Dataset excerpt:
════════════════

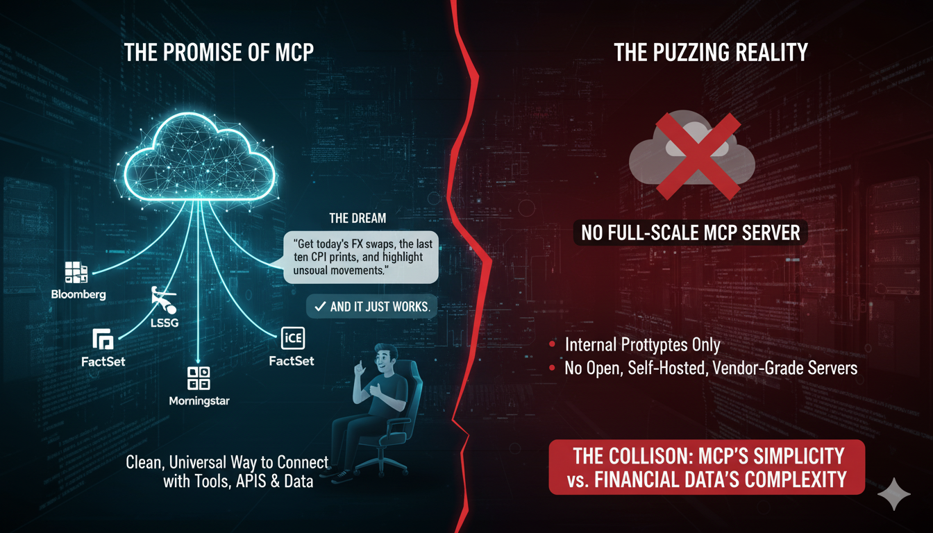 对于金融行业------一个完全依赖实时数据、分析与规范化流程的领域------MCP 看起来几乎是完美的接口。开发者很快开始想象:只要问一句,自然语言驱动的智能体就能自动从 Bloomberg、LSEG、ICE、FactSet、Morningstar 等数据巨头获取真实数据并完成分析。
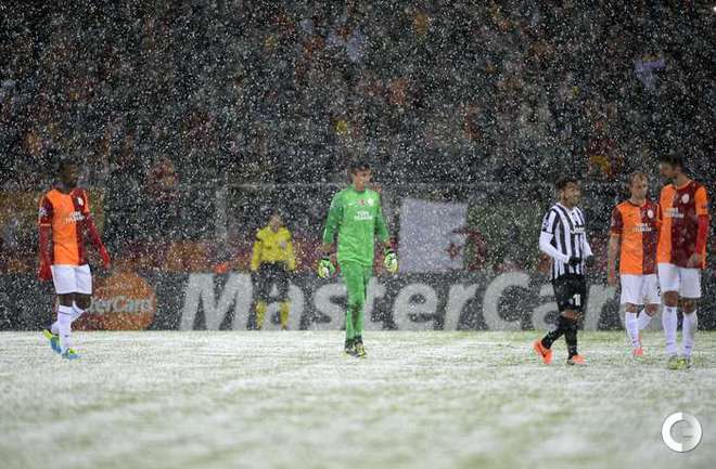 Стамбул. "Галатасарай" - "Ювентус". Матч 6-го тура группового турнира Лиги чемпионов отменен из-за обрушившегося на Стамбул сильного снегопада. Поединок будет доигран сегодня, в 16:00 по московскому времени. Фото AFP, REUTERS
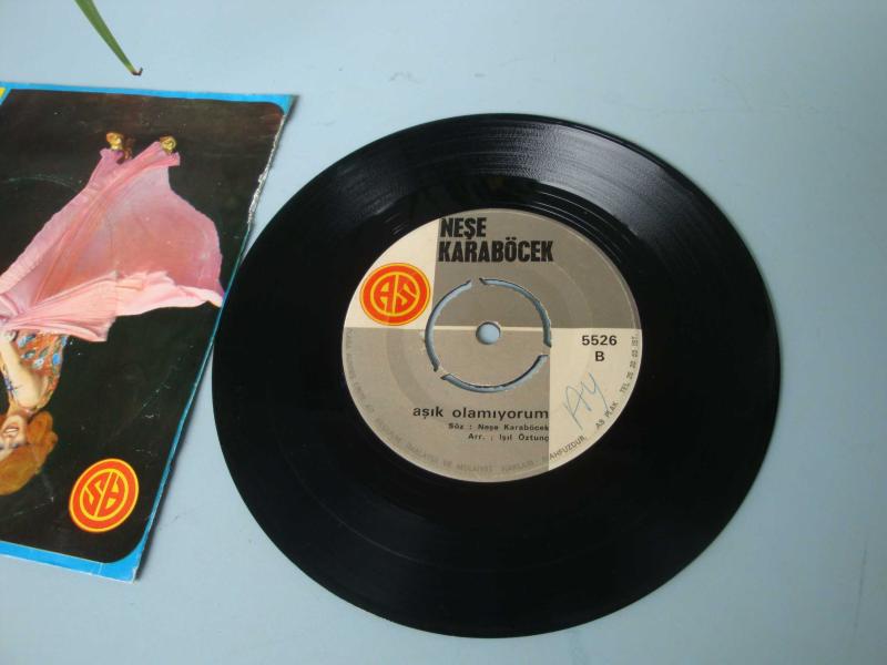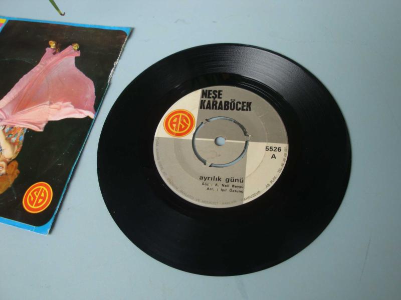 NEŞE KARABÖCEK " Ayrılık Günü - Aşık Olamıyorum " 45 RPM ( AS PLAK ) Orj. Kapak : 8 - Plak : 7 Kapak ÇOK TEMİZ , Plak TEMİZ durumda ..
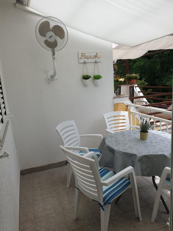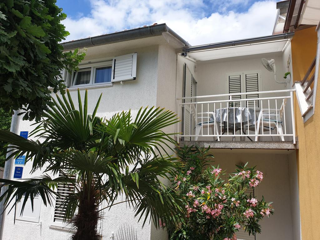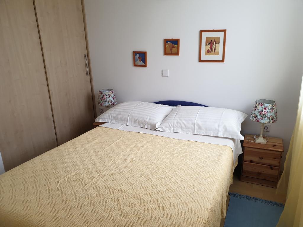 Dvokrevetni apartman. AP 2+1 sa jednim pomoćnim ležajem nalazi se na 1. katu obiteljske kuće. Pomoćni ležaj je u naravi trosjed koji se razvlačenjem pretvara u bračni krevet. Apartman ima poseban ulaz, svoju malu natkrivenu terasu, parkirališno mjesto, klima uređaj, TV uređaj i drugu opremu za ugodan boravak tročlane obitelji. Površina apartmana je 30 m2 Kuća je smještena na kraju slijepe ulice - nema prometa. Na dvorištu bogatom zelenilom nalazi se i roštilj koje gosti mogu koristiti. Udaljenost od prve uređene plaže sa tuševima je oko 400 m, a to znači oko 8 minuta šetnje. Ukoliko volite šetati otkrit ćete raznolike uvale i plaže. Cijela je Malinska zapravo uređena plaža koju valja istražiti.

════════════════

What to produce: Give every line of the listing above again, exactly, with no images.

Finished task:
 对于金融行业------一个完全依赖实时数据、分析与规范化流程的领域------MCP 看起来几乎是完美的接口。开发者很快开始想象:只要问一句,自然语言驱动的智能体就能自动从 Bloomberg、LSEG、ICE、FactSet、Morningstar 等数据巨头获取真实数据并完成分析。
 Стамбул. "Галатасарай" - "Ювентус". Матч 6-го тура группового турнира Лиги чемпионов отменен из-за обрушившегося на Стамбул сильного снегопада. Поединок будет доигран сегодня, в 16:00 по московскому времени. Фото AFP, REUTERS
 NEŞE KARABÖCEK " Ayrılık Günü - Aşık Olamıyorum " 45 RPM ( AS PLAK ) Orj. Kapak : 8 - Plak : 7 Kapak ÇOK TEMİZ , Plak TEMİZ durumda ..
 Dvokrevetni apartman. AP 2+1 sa jednim pomoćnim ležajem nalazi se na 1. katu obiteljske kuće. Pomoćni ležaj je u naravi trosjed koji se razvlačenjem pretvara u bračni krevet. Apartman ima poseban ulaz, svoju malu natkrivenu terasu, parkirališno mjesto, klima uređaj, TV uređaj i drugu opremu za ugodan boravak tročlane obitelji. Površina apartmana je 30 m2 Kuća je smještena na kraju slijepe ulice - nema prometa. Na dvorištu bogatom zelenilom nalazi se i roštilj koje gosti mogu koristiti. Udaljenost od prve uređene plaže sa tuševima je oko 400 m, a to znači oko 8 minuta šetnje. Ukoliko volite šetati otkrit ćete raznolike uvale i plaže. Cijela je Malinska zapravo uređena plaža koju valja istražiti.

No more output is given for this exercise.